7. A compound according to claim 1 or a composition comprising at least one compound according to claim 1 as an active ingredient, wherein the compound or composition is used for the treatment of glaucoma or ocular hypertension by transdermal administration to the eye of a human or animal in the form of a solution, spray, lotion, ointment, emulsion or gel to achieve a therapeutically effective concentration.

8. A compound according to claim 1 or a composition containing at least one compound according to claim 1 as an active ingredient, characterized in that the compound or composition is used for the treatment of systemic hypertension by transdermal administration to any part of a human or animal in the form of a solution, spray, emulsion, ointment, emulsion or gel to achieve a therapeutically effective concentration.

9. A compound according to claim 1 or a composition containing at least one compound according to claim 1 as active ingredient, characterized in that the compound or composition is administered transdermally in the form of a solution, spray, lotion, ointment, emulsion or gel to the female vagina for use in induced abortion.

10. A compound according to claim 1 or a composition containing at least one compound according to claim 1 as an active ingredient, characterized in that the compound or composition is used for treating gastrointestinal ulcers and skin ulcers by transdermal administration to any part of a human or animal in the form of a solution, spray, emulsion, ointment, emulsion or gel to achieve a therapeutically effective concentration.

11. A compound according to claim 1 or a composition containing at least one compound according to claim 1 as an active ingredient, characterized in that the compound or composition treats inflammation by transdermal administration to the eye or other body part of a human or animal to achieve a therapeutically effective concentration.

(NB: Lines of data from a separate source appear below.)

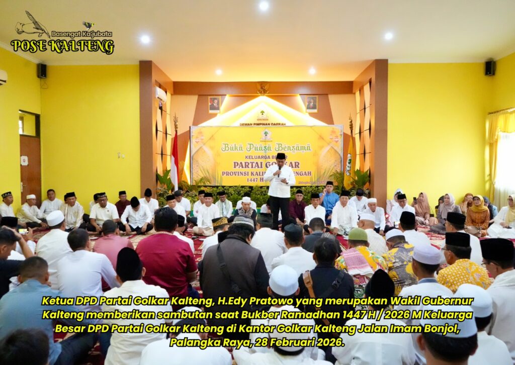 Suasana Ramadhan 1447 H / 2026 M kali ini diharapkan dapat menjadi energi positif dan kekuatan serta semangat para pengurus dan kader golkar dalam menjalankan tugas serta tanggung jawab politik, baik wakil rakyat perwakilan Golkar yang ada di seluruh DPRD Kabupaten/Kota hingga tingkat DPRD Kalteng”, tegas H.Edy Pratowo.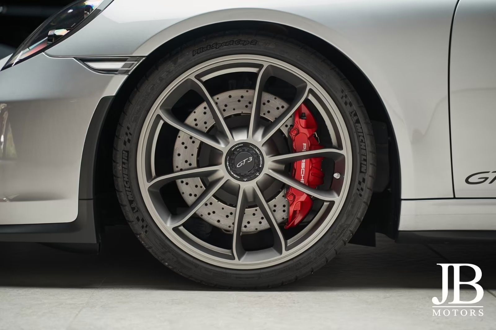 Driver/passenger airbags, anti-slip regulation (ASR), drive type: Rear-wheel drive, Porsche CDR 31 audio system (radio/CD player), Automatic Braking Differential (ABD), Aspherical exterior mirror, left, Electrically adjustable and heated exterior mirrors, both, Sport Design exterior mirrors, LED turn signals, On-board computer, Red painted brake calipers, Connect Plus (Bluetooth, Apple CarPlay, Wi-Fi, vehicle tracking system), Alcantara headliner, automatic headlight activation, adjustable chassis for motorsports, 6-speed transmission Sport, cup holders, GT3, LED rear lights, tinted, heated rear window, rear spoiler, body: 2-door, automatic climate control, head airbag system Porsche Side Impact Protection System (POSIP), front head-shoulder airbag (thorax bag), steering wheel (Alcantara 3-spoke) with shift function, steering wheel (GT Sport – leather) with shift function, adjustable steering column (steering wheel), alloy wheels, illuminated rear-seat vanity mirrors, model update, 4.0-liter engine – 368 kW KAT, engine drag torque regulator (MSR), electric parking brake, Porsche Active Suspension Management (PASM), Porsche Communications Management (PCM) incl. Online – navigation module, Porsche Torque Vectoring Plus (PTV Plus), wheel hubs with central locking, tire repair kit, tire pressure monitoring system, low emissions in accordance with Euro 6 emissions standard, gearshift/selector lever handle in Alcantara/Race-Tex, front side airbags, sports exhaust system, black tailpipes, Sports Seats Plus – painted backrests, voice control for PCM, universal audio interface, vehicle tracking system (PVTS), tinted glass, pre-installation for mobile phone/cell phone with Bluetooth interface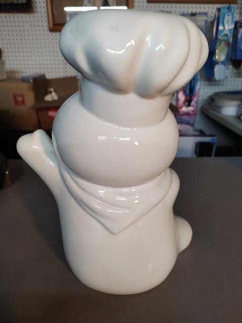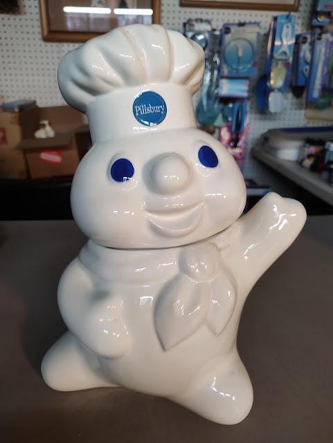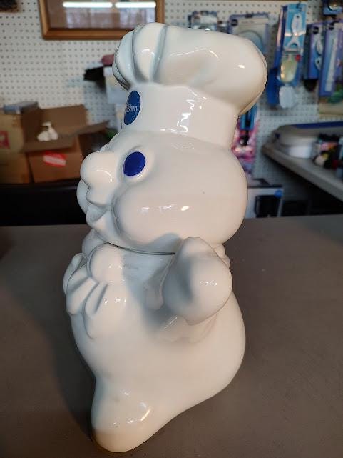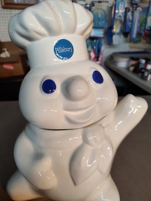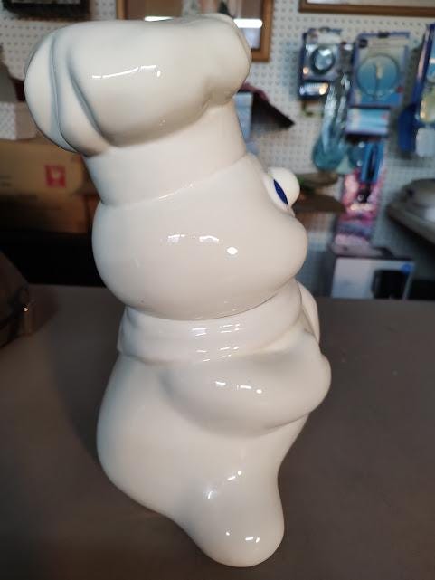 Pillsbury Doughboy 13" tall ceramic cookie jar, from Benjamin and Medwin. Looks great and ships free.

12. Transdermal therapeutic application system comprising a compound according to claim 1 or a composition comprising at least one compound according to claim 1 as active ingredient for the treatment of any prostaglandin, prostacyclin treatable conditions in humans or animals.

13. The transdermal therapeutic application system of claim 12, wherein the system is a bandage or patch comprising a matrix layer containing the active substance and a non-permeable protective layer.

14. A transdermal therapeutic application system according to claim 12 or 13 wherein there is an active substance reservoir comprising a permeable skin-facing base.